RECORDS FOR PROCESSING =
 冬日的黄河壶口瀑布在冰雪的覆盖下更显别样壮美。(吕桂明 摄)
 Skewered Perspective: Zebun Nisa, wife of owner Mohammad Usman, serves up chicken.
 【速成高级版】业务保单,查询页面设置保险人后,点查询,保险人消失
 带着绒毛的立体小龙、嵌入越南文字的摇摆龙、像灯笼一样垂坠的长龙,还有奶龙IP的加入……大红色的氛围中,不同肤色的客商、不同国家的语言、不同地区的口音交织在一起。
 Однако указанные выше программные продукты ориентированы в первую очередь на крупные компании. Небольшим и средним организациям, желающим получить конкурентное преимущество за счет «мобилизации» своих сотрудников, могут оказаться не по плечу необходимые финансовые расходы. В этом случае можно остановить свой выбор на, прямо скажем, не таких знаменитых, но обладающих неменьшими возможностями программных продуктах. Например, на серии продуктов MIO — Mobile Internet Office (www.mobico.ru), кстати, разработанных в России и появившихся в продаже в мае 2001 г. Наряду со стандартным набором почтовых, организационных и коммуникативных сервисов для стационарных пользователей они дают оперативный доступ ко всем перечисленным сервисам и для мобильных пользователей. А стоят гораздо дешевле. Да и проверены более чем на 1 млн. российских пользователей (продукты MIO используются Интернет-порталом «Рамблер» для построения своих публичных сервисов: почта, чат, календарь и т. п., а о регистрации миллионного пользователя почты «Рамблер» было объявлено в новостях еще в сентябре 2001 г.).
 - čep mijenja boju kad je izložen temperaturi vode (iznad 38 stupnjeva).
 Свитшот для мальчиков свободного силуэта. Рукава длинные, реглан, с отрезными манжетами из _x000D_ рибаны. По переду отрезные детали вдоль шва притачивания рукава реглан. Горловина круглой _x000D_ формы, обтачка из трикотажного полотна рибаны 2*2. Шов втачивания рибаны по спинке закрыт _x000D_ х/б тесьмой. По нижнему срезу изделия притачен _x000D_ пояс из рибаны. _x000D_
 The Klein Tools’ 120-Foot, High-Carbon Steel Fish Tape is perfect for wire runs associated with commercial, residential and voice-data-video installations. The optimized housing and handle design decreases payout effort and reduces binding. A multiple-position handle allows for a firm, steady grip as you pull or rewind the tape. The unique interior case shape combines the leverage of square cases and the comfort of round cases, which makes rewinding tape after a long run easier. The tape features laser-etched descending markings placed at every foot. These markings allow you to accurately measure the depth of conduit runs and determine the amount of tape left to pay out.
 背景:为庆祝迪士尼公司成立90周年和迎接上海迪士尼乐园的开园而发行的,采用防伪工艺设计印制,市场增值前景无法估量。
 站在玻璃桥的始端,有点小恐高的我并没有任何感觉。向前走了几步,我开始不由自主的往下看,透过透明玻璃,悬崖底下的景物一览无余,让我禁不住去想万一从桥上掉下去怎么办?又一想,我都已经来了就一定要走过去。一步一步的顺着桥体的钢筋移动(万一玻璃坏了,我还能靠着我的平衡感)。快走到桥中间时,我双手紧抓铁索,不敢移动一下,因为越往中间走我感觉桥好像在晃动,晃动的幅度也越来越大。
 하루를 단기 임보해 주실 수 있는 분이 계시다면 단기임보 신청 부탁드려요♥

THE PROBLEM =
Extract the full set of entries word for word.

RESULT =
 冬日的黄河壶口瀑布在冰雪的覆盖下更显别样壮美。(吕桂明 摄)
 Skewered Perspective: Zebun Nisa, wife of owner Mohammad Usman, serves up chicken.
 【速成高级版】业务保单,查询页面设置保险人后,点查询,保险人消失
 带着绒毛的立体小龙、嵌入越南文字的摇摆龙、像灯笼一样垂坠的长龙,还有奶龙IP的加入……大红色的氛围中,不同肤色的客商、不同国家的语言、不同地区的口音交织在一起。
 Однако указанные выше программные продукты ориентированы в первую очередь на крупные компании. Небольшим и средним организациям, желающим получить конкурентное преимущество за счет «мобилизации» своих сотрудников, могут оказаться не по плечу необходимые финансовые расходы. В этом случае можно остановить свой выбор на, прямо скажем, не таких знаменитых, но обладающих неменьшими возможностями программных продуктах. Например, на серии продуктов MIO — Mobile Internet Office (www.mobico.ru), кстати, разработанных в России и появившихся в продаже в мае 2001 г. Наряду со стандартным набором почтовых, организационных и коммуникативных сервисов для стационарных пользователей они дают оперативный доступ ко всем перечисленным сервисам и для мобильных пользователей. А стоят гораздо дешевле. Да и проверены более чем на 1 млн. российских пользователей (продукты MIO используются Интернет-порталом «Рамблер» для построения своих публичных сервисов: почта, чат, календарь и т. п., а о регистрации миллионного пользователя почты «Рамблер» было объявлено в новостях еще в сентябре 2001 г.).
 - čep mijenja boju kad je izložen temperaturi vode (iznad 38 stupnjeva).
 Свитшот для мальчиков свободного силуэта. Рукава длинные, реглан, с отрезными манжетами из _x000D_ рибаны. По переду отрезные детали вдоль шва притачивания рукава реглан. Горловина круглой _x000D_ формы, обтачка из трикотажного полотна рибаны 2*2. Шов втачивания рибаны по спинке закрыт _x000D_ х/б тесьмой. По нижнему срезу изделия притачен _x000D_ пояс из рибаны. _x000D_
 The Klein Tools’ 120-Foot, High-Carbon Steel Fish Tape is perfect for wire runs associated with commercial, residential and voice-data-video installations. The optimized housing and handle design decreases payout effort and reduces binding. A multiple-position handle allows for a firm, steady grip as you pull or rewind the tape. The unique interior case shape combines the leverage of square cases and the comfort of round cases, which makes rewinding tape after a long run easier. The tape features laser-etched descending markings placed at every foot. These markings allow you to accurately measure the depth of conduit runs and determine the amount of tape left to pay out.
 背景:为庆祝迪士尼公司成立90周年和迎接上海迪士尼乐园的开园而发行的,采用防伪工艺设计印制,市场增值前景无法估量。
 站在玻璃桥的始端,有点小恐高的我并没有任何感觉。向前走了几步,我开始不由自主的往下看,透过透明玻璃,悬崖底下的景物一览无余,让我禁不住去想万一从桥上掉下去怎么办?又一想,我都已经来了就一定要走过去。一步一步的顺着桥体的钢筋移动(万一玻璃坏了,我还能靠着我的平衡感)。快走到桥中间时,我双手紧抓铁索,不敢移动一下,因为越往中间走我感觉桥好像在晃动,晃动的幅度也越来越大。
 하루를 단기 임보해 주실 수 있는 분이 계시다면 단기임보 신청 부탁드려요♥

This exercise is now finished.